Jihoon’s brows furrow instantly. He squints his eyes at Seongwoo, uncurling from fetal position until he’s lying flat on the ground. “A what.” A love story? Him?

“You know,” Seongwoo continues with a flippant wave of his hand. “You could try writing a love story with a happy ending where your self-insert character doesn’t fall to their demise at the hands of zombies. It could be a good learning experience.”

“I don’t know what you mean,” murmurs Jihoon. “What do you mean by… a love story with a happy ending? That’s so unrealistic.”

“You write about zombies for a living,” deadpans Seongwoo. “You really want to talk about unrealistic with me?”

“Were you even paying attention when we watched Train to Busan?

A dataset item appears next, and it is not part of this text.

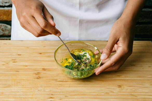 Die Estragonblätter von den Stängeln zupfen und die 1/2 der Blätter grob schneiden. Die Zitronenschale fein abreiben, dann die Zitrone halbieren und auspressen.

World War Z? You know the reason why they cast big-name stars in zombie movies? Because the government’s trying to distract the foolish masses from the feasibility of a real-life zombie apocalypse.” Jihoon folds his arms over his chest and closes his eyes. “Of course you think zombies are unrealistic, hyung. You were probably too busy fantasizing a honeymoon with Brad Pitt to realize that—”

A knocking on the door cuts straight through Jihoon’s impassioned tirade and both he and Seongwoo freeze.

“Yo, Jihoon?” Mark calls out.

“Fuck my life,” Jihoon mutters. “Just step on me. Kill me right now. I can’t look at the purest thing on this planet when I’m contemplating homicide of faceless strangers on the Internet.”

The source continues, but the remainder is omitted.